Social Security Numbers on 4473
Packing.org reports that a Federal judge has ruled that Pennsylvania’s requirement of a social security number to buy a gun or get a concealed weapons permit violates privacy rights:
Pennsylvania’s requirement that buyers provide a Social Security number to purchase a gun or obtain a concealed-weapons permit was struck down yesterday by a federal judge.
The state law violated the federal Privacy Act, U.S. District Judge Juan R. Sanchez ruled.
“This issue has been largely overlooked in Pennsylvania and other states for a long time,” said lawyer J. Dwight Yoder, who brought the case on behalf of a retired U.S. Army officer from Lancaster. “This ruling is about privacy, not guns. We weren’t looking to circumvent gun laws.”

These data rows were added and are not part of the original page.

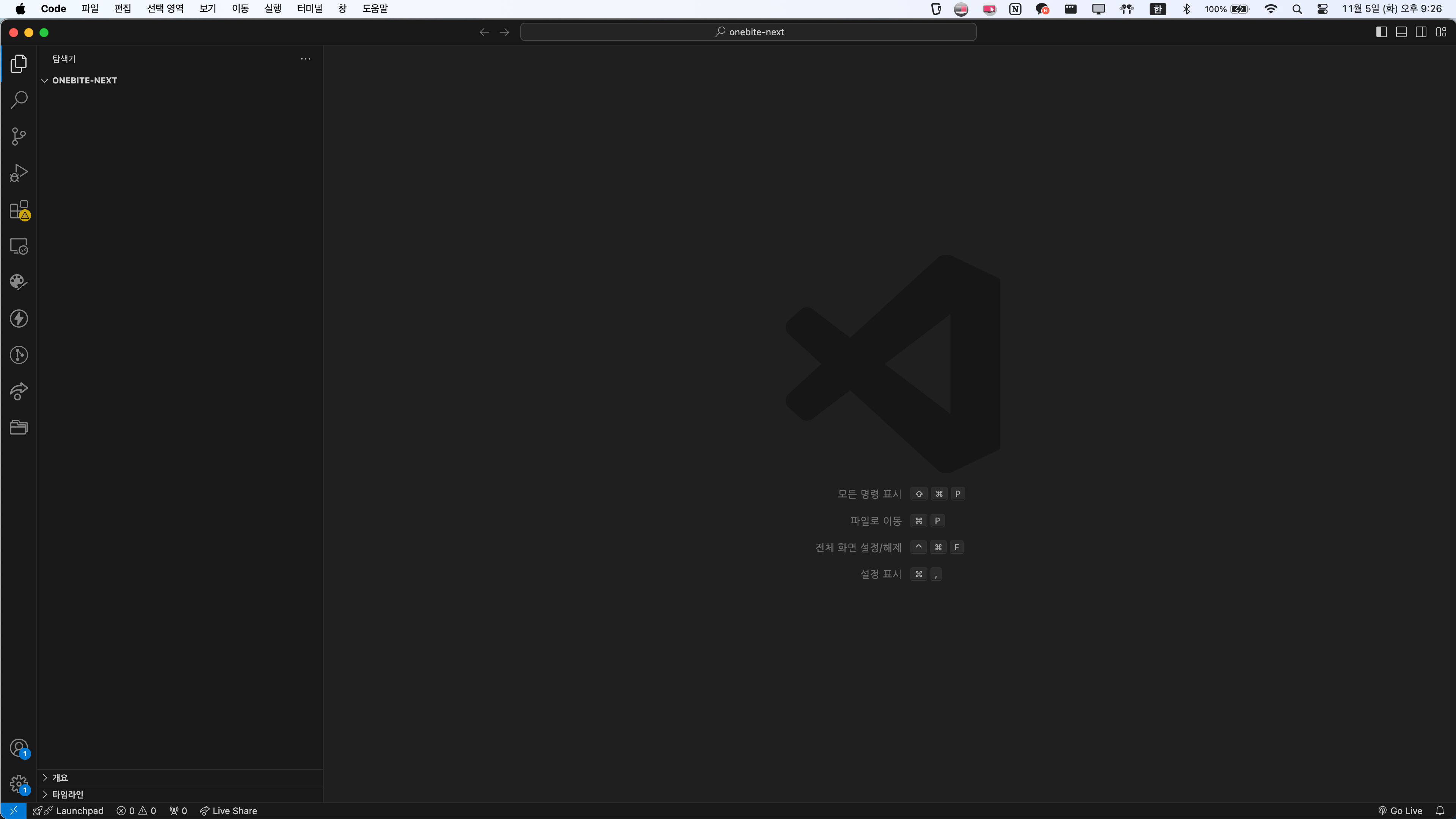 Next.js를 완전 처음 접하는 입문자 기준에서, Next 프로젝트를 시작하는 법을 알아보자! 1. 폴더를 하나 생성한다. (필자가 만든 폴더 이름은 "onebite-next") 2. VsCode에서 "onebite-next"
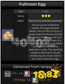 能够复苏角色,并且回复1500点生命值,制作的材料是4个鱼肉+2个虾仁+2个鸟蛋+1包面粉,需要的材料看起来有点多。效果不如胡桃的特殊料理好。
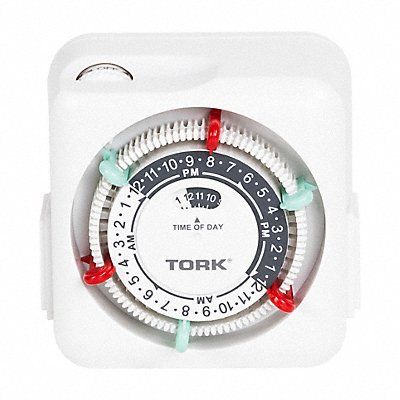 Heavy Dutry Appliance Timer Mechanical Min Time Setting 30 min Max Time Setting 24 hr Voltage 120V AC Watts 1 800 W Amps 15 A HP @ 120V 1/2 hp Type of Switch Manual Indoor Receptacles 2 Color White Style Plug In Features Manual On/Off Override Switch Two Grounded Outlets Two Sets of On/Off Trippers Standards cULus
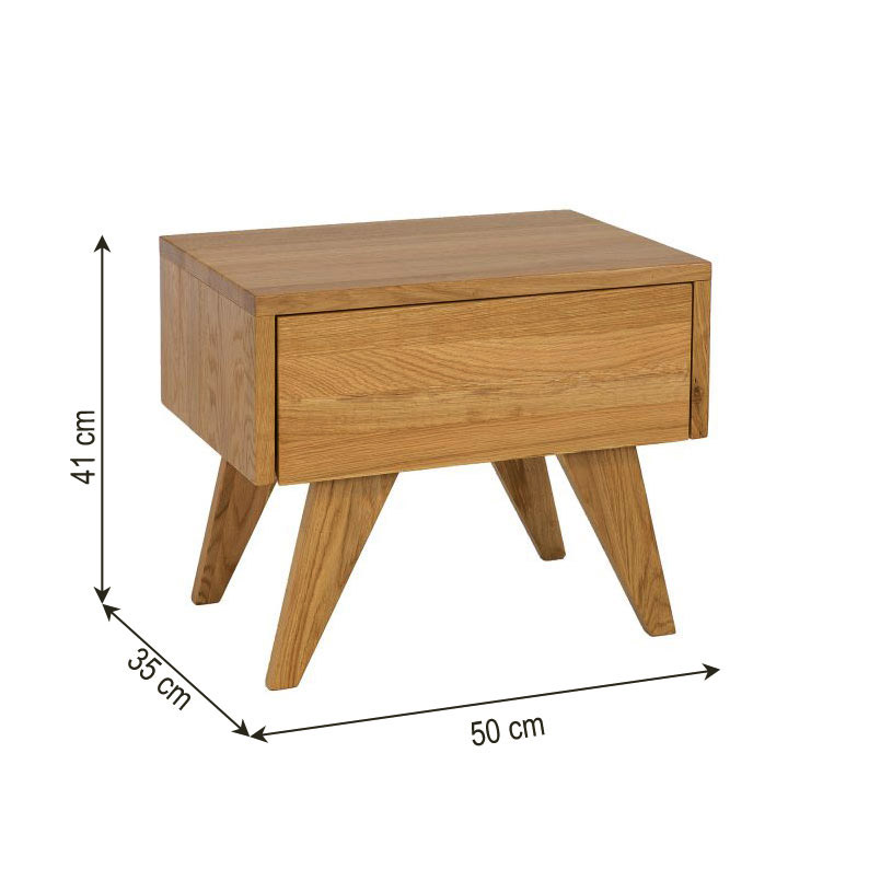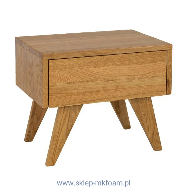Stylowa szafka nocna dS302, wykonana z litego drewna dębowego. Funkcjonalny korpus szafki tworzy jedna otwarta półka oraz jedna bezuchwytowa szuflada, która świetnie sprawdzi się do przechowywania podręcznych kosmetyków, czy książek. Minimalistyczny design oraz niepowtarzalne, skośne nogi sprawiają, że szafka nocna SN301 idealnie wpisuje się w modny, nowoczesny styl. Niewielki, ale piękny blat mebla to idealne miejsce na rodzinne zdjęcie lub ozdobną lampkę nocną. Ciepło naturalnego drewna dębowego, z którego powstała stworzy piękny, przytulny klimat w sypialni.
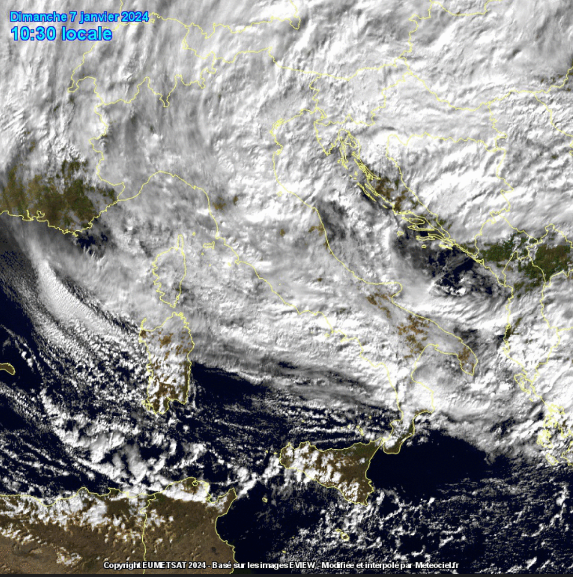 Il ciclone attualmente è posizionato sul medio basso Adriatico con una pressione di 990 hPa e venti a rotazione ciclonica, mentre una compatta copertura nuvolosa è presente su tutti i settori del nostro Paese:
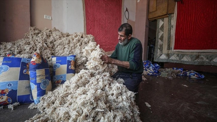 bluka altındaki Gazze Şeridi'nde yaşayan Filistinli Salim el-Akluk (55), yaklaşık bir asırdır bu işi yapan ailesinden miras aldığı yorgancılığı torunlarına da aktarmak istiyor.

Lawyers for the Pennsylvania State Police are reviewing the decision and considering an appeal, spokesman Jack Lewis said. By requiring applicants to provide Social Security numbers, Lewis said, his agency “simply has followed the requirements of the state’s Uniform Firearms Act.” The wider impact of yesterday’s ruling – whether, for example, other Pennsylvania Social Security requirements would be deemed invalid – was uncertain. One reason is that there are two large exceptions to the Privacy Act’s protection of Social Security numbers. The act does not apply to state and local government programs specifically exempted by federal law, such as driver’s license applications, or to programs from before 1974, such as voter registration.
Sanchez’s ruling noted that the right of privacy as to Social Security numbers exists under a federal law, not as a right the U.S. Supreme Court had interpreted as protected by the Constitution. Still, Robert Ellis Smith, publisher of the Privacy Journal in Providence, R.I., said yesterday’s ruling was “significant because it comes at a time when most government agencies are requiring more and more information from people.”
I personally don’t really care. In a society where you’re already
required err threatened with an inordinate amount of inconvenience (like losing tax benefits and no ability to get a job) without a number, putting it on some other random piece of paper isn’t something to get too worked up about.